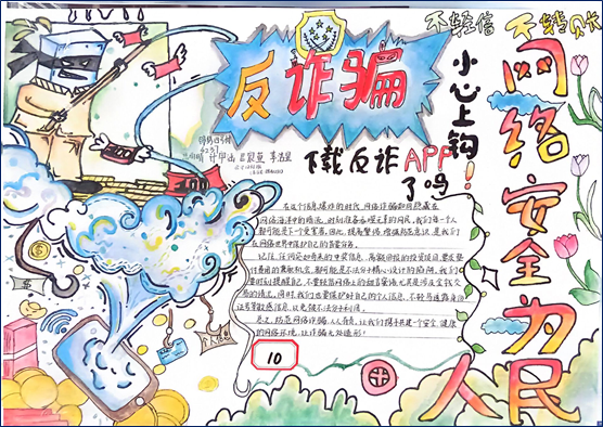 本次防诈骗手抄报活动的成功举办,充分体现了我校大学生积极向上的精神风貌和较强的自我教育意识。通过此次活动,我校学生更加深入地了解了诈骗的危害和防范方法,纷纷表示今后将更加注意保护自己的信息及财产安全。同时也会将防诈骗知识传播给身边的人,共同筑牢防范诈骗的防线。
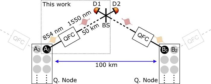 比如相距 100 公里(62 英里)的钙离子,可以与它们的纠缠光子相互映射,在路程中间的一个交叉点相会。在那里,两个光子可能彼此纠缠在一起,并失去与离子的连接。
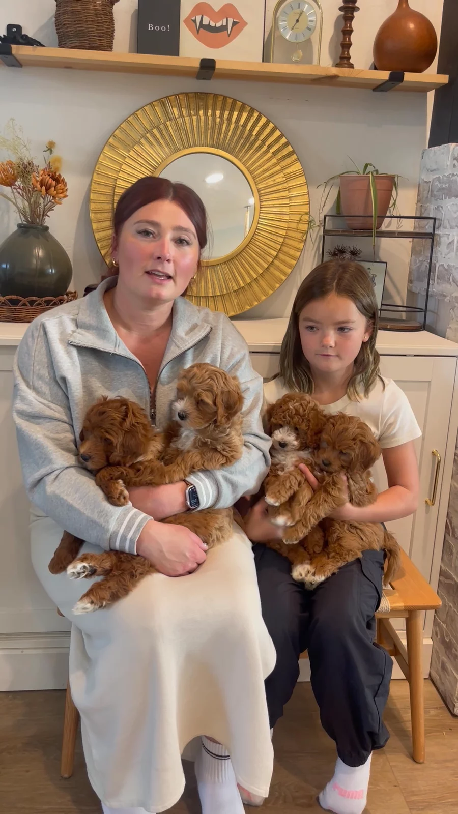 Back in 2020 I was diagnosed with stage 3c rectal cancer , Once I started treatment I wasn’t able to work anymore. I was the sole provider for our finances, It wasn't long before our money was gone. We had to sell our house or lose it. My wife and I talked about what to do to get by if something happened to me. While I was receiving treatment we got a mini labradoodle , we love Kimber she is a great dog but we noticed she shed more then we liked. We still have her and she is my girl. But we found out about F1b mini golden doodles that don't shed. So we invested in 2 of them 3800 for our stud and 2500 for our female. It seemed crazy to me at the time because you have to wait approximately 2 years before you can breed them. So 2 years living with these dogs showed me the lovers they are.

**PROBLEM REQUIREMENTS:**
Set down all of the material word for word, minus its pictures.

**ANSWER AREA:**
 本次防诈骗手抄报活动的成功举办,充分体现了我校大学生积极向上的精神风貌和较强的自我教育意识。通过此次活动,我校学生更加深入地了解了诈骗的危害和防范方法,纷纷表示今后将更加注意保护自己的信息及财产安全。同时也会将防诈骗知识传播给身边的人,共同筑牢防范诈骗的防线。
 比如相距 100 公里(62 英里)的钙离子,可以与它们的纠缠光子相互映射,在路程中间的一个交叉点相会。在那里,两个光子可能彼此纠缠在一起,并失去与离子的连接。
 Back in 2020 I was diagnosed with stage 3c rectal cancer , Once I started treatment I wasn’t able to work anymore. I was the sole provider for our finances, It wasn't long before our money was gone. We had to sell our house or lose it. My wife and I talked about what to do to get by if something happened to me. While I was receiving treatment we got a mini labradoodle , we love Kimber she is a great dog but we noticed she shed more then we liked. We still have her and she is my girl. But we found out about F1b mini golden doodles that don't shed. So we invested in 2 of them 3800 for our stud and 2500 for our female. It seemed crazy to me at the time because you have to wait approximately 2 years before you can breed them. So 2 years living with these dogs showed me the lovers they are.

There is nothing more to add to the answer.